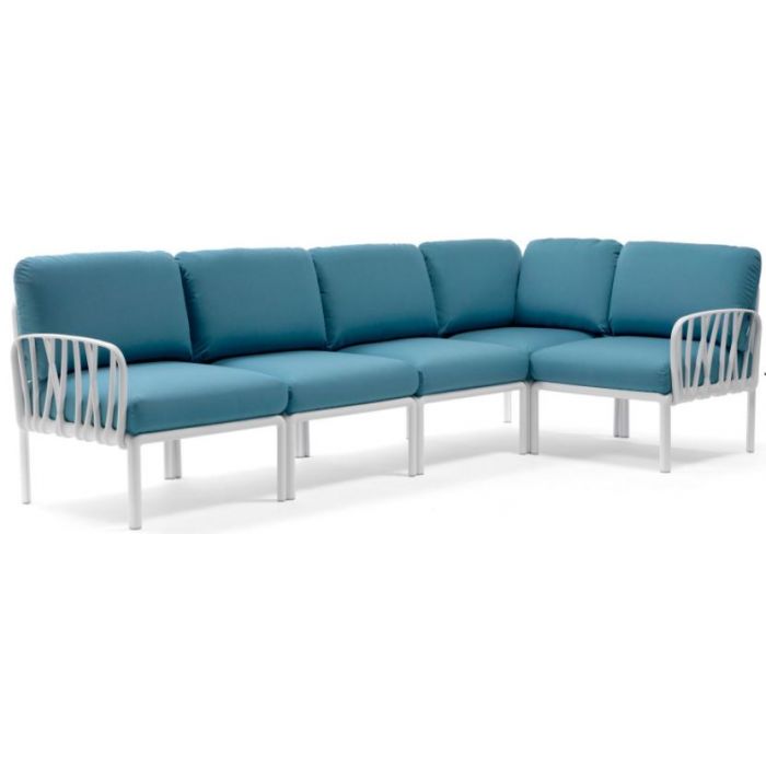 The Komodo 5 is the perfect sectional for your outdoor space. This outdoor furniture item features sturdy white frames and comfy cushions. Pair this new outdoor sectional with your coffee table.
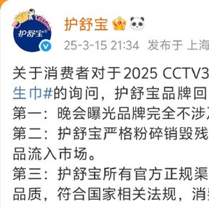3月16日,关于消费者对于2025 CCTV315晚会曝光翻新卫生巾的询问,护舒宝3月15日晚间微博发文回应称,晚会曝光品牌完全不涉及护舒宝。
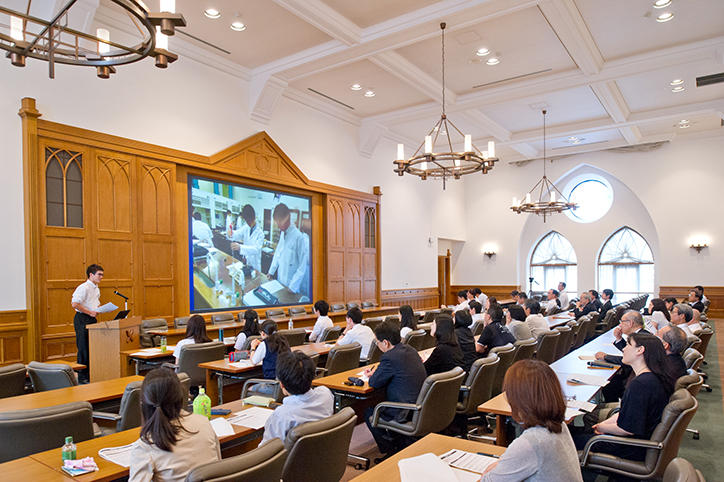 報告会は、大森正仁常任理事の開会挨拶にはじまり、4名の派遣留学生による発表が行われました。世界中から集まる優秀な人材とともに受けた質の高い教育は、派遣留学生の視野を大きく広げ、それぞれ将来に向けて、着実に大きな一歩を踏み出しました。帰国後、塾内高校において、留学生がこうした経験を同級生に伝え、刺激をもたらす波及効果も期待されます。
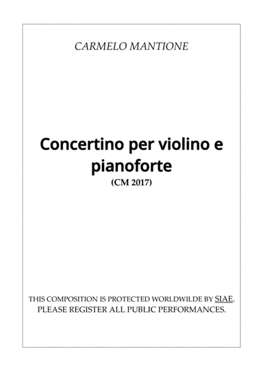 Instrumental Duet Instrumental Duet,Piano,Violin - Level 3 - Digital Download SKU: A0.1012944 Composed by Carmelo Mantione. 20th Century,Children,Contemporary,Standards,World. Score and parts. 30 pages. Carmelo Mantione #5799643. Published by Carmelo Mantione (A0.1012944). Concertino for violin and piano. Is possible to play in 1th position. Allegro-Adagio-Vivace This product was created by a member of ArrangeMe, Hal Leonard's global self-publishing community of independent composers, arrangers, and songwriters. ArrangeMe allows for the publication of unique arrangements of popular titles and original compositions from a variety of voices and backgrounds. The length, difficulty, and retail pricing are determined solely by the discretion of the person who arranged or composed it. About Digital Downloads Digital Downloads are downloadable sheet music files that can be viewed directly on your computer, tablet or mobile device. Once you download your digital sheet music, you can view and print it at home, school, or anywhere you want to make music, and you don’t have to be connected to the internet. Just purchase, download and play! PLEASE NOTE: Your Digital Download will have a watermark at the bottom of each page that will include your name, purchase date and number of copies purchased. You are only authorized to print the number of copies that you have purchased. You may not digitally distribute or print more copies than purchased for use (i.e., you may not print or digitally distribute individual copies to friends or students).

BRIEF:
Give again, word for word, every line from the top of the data above to the line holding "3月16日,关于消费者对于2", inclusive, with the pictures left out.

RESPONSE:
 The Komodo 5 is the perfect sectional for your outdoor space. This outdoor furniture item features sturdy white frames and comfy cushions. Pair this new outdoor sectional with your coffee table.
3月16日,关于消费者对于2025 CCTV315晚会曝光翻新卫生巾的询问,护舒宝3月15日晚间微博发文回应称,晚会曝光品牌完全不涉及护舒宝。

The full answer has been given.